Friday, September 26, 2008 Dossier: Bill promotes artificial birth control methods By Rep. Raul del Mar
(Interpellation and debate on the Reproductive Health Bill started last Monday at the House of Representatives. Deputy
Speaker Raul V. del Mar first took the floor.)
Allow me to make some preliminary statements before my questions.
Firstly, let me categorically state that I am pro-life, quality life especially, pro-family and pro-choice as well, informed already included in the word choice.
And yes, I am against the subject measure: House Bill No. 5043.
I got to hand it to the principal authors and sponsors for having neatly packaged this measure with a title that will gain the support of practically everybody.
For how can anybody argue against a measure strategically titled “An Act Providing for a National Policy on Reproductive Health, Responsible Parenthood and Population Development, and for Other Purposes.”
The strategy worked, soliciting the signatures of more than 90 of our colleagues to co-author the measure.
But if the focus of the proposed legislation, as its title suggests, is on “reproductive health,” “responsible parenthood” and “population development,” then the bill is totally unnecessary and deceptive, as these are already in place and pursued under existing programs, both by private and public initiatives.
Not new
Responsible Parenthood--This is certainly not something new.
This is essentially all about parents and children, about having a family and children.
It is our way of life.
All of us grew up in a family, we learned this at home, in school, in community gatherings, even in government seminars and NGO activities.
There is no need to legislate how to be a responsible parent.
On population development programs, we have had them since the ‘70s.
These programs, funded by our government and by international agencies and several donor countries, are very much in place.
Reproductive health care programs are ongoing.
We have family planning methods, health education, maternal and child health and nutrition, family planning services, breastfeeding programs, prevention of breast cancers, treatment of infertility.
It’s a question of giving them more focus.
Informed choice
Principal author Edcel Lagman stated in his sponsorship speech last Wednesday that “verily, the heart and soul of the bill is freedom of informed choice. Neither the state nor the church has the authority to impose its preference or will on the citizens or the faithful.”
But informed choice has long been the practice.
Access to contraceptives is free and unrestricted.

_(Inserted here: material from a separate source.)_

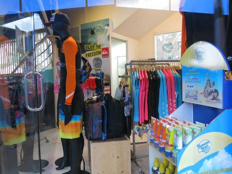 Flowboards, bodyboards, surfingklær og tilbehør pluss suvenirer er tilgjengelige i gavebutikken.

Despite the WHO cancer-research finding that oral contraceptives cause breast, liver and cervical cancer, none of these items have been banned by law.
None of these are even required to be labeled as “cancer-causing” or “hazardous to women’s health.”
Even abortifacients (drugs that induce abortion) are openly sold as plain contraceptives, without any warning whatsoever about their abortion-causing qualities.
Just as no one is prohibited by law from using contraceptives, no one is barred from getting sterilized if they want it.
In fact, health workers are the ones campaigning that men undergo vasectomy and women get ligated.
Neither is anyone restrained from making a fool of themselves and telling the Church to change its position on the subject because they will not stop defying it.
Indeed, the Church continues to teach that contraception and sterilization are intrinsically evil.
But the Church will not strong-arm anyone into following its teachings on reproductive health.
Thus, so many women will freely take contraceptives while imagining themselves to be still “good Catholics.”
This helps to explain the national contraception prevalence rate of 50 percent.
Deceptive
Now if Church law has not prevented “Catholic” women from “contracepting” and no civil statute prevents them from doing the same thing, what is the necessity of the proposed law, assuming such law could be moral and constitutional?
That would be clearly pushing an open door.
That is why the proposed law is deceptive.
So there’s really no problem – couples are absolutely free to choose which method of family planning they wish, natural or artificial.
If they want the natural method, nobody will stop and force them to instead use the artificial method nor can anybody force those who wish to use the artificial method to stop and instead use the natural method.